Quais as principais oferendas para Ogum?
As oferendas mais comuns para Ogum incluem feijoada (feijão preto cozido com carnes e temperos), farofa de dendê, inhame assado (cortado em pedaços e servido com azeite-de-dendê), milho cozido, cerveja clara (ou vinho tinto), charutos e velas azuis ou vermelhas. No Candomblé, são oferecidos animais como galo, bode ou porco, após rituais específicos. O importante é que os alimentos sejam preparados com dedicação e oferecidos em local adequado (encruzilhada, pedreira, ou em um altar ao ar livre).

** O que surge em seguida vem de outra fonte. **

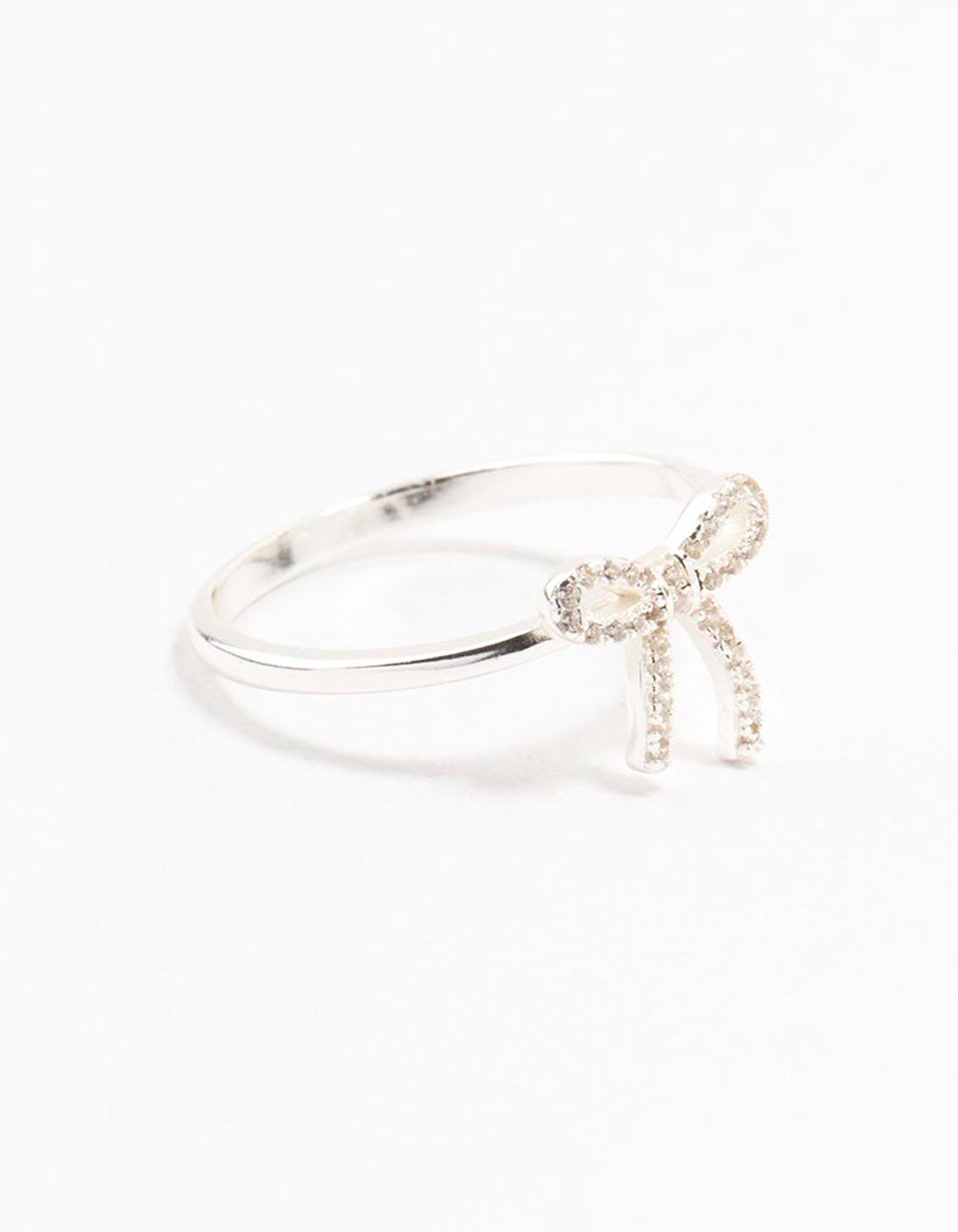 Elevate your signature style with stunning sterling silver pieces. This flirty bow motif ring, adorned with cubic zirconia crystals, crafted from genuine 925 sterling silver, ensures durability and chic sophistication.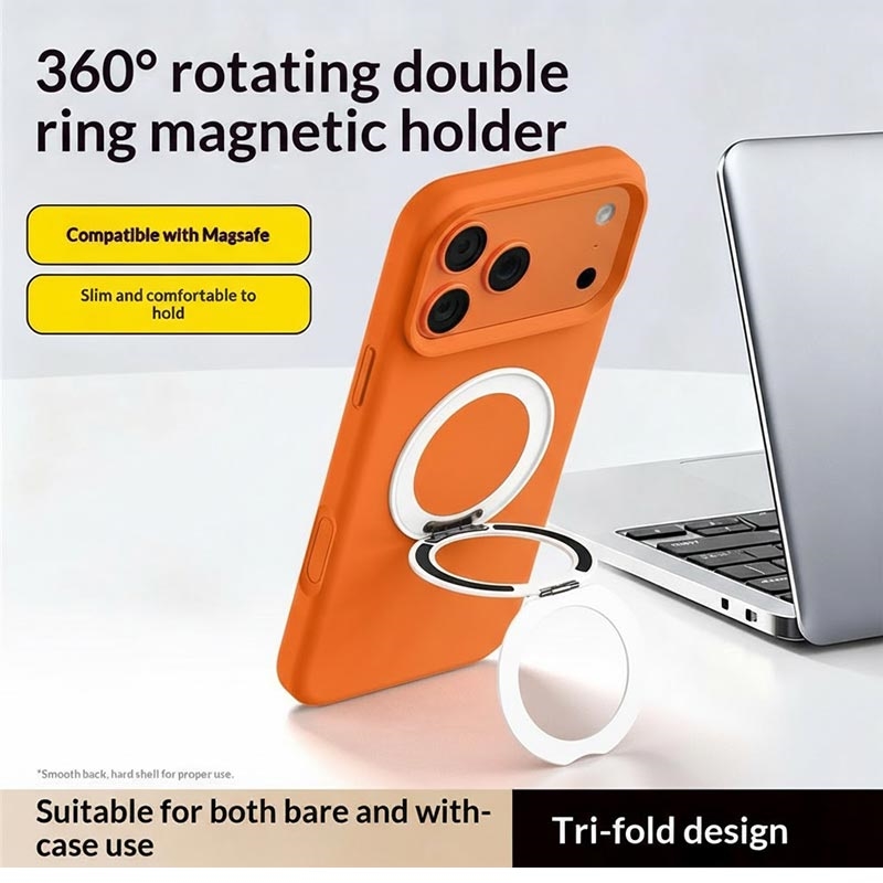 Der ultradünne, dreifach faltbare magnetische Ringständer des Q11 ist ein eleganter Telefongriff und -ständer, der für den flexiblen Einsatz im Alltag entwickelt wurde, ohne dabei aufzutragen. Mit seiner dreifach faltbaren Struktur lässt er sich kompakt zusammenklappen, wenn er nicht gebraucht wird, während die 360°-Drehung eine schnelle Anpassung zwischen Hoch- und Querformat ermöglicht. Die selbstklebende Rückseite ermöglicht eine schnelle und sichere Installation, und der integrierte Magnet sorgt für Kompatibilität mit magnetischen Halterungen und Zubehör.

O que significa ser filho de Ogum?
Ser filho de Ogum significa que esse orixá rege a cabeça (orixá de frente) da pessoa, influenciando sua personalidade, seus desafios e seu destino. Filhos de Ogum são conhecidos por sua coragem, honestidade, impulsividade e forte senso de justiça. Eles têm energia para trabalhar duro e lutar por seus ideais, mas precisam tomar cuidado com a raiva e a teimosia. Como todo orixá, Ogum também envia lições para que seus filhos amadureçam e equilibrem essas características.
Ogum tem alguma ligação com a tecnologia moderna?
Sim. Por ser o orixá do ferro, da metalurgia e do trabalho com metais, Ogum é associado a todas as inovações tecnológicas que usam metais e aço. Ele é visto como o senhor dos motores, das máquinas, dos computadores (que contêm componentes metálicos) e das ferramentas de precisão. Muitos devotos pedem sua proteção para abrir caminhos profissionais em áreas como engenharia, mecânica, informática e cirurgia.
Reflexoes Finais
Ogum é muito mais do que um orixá guerreiro: ele é um arquétipo de força, trabalho e justiça que atravessa séculos e continentes. Seja na mitologia iorubá, no Candomblé tradicional ou na Umbanda moderna, sua energia permanece viva e acessível a todos que buscam proteção, coragem para enfrentar obstáculos e abertura de caminhos.
O sincretismo com São Jorge, longe de apagar sua identidade, permitiu que Ogum fosse cultuado sob o véu do catolicismo, preservando sua essência e seus rituais. Hoje, milhares de pessoas — de diferentes origens e crenças — recorrem a Ogum em momentos de crise, pedindo sua intercessão e sua espada de luz.
Compreender Ogum é compreender um pouco da história do Brasil, da resistência cultural africana e da riqueza espiritual que as religiões afro-brasileiras oferecem. Que este artigo sirva como um convite ao respeito e ao estudo de uma das figuras mais emblemáticas do panteão dos orixás.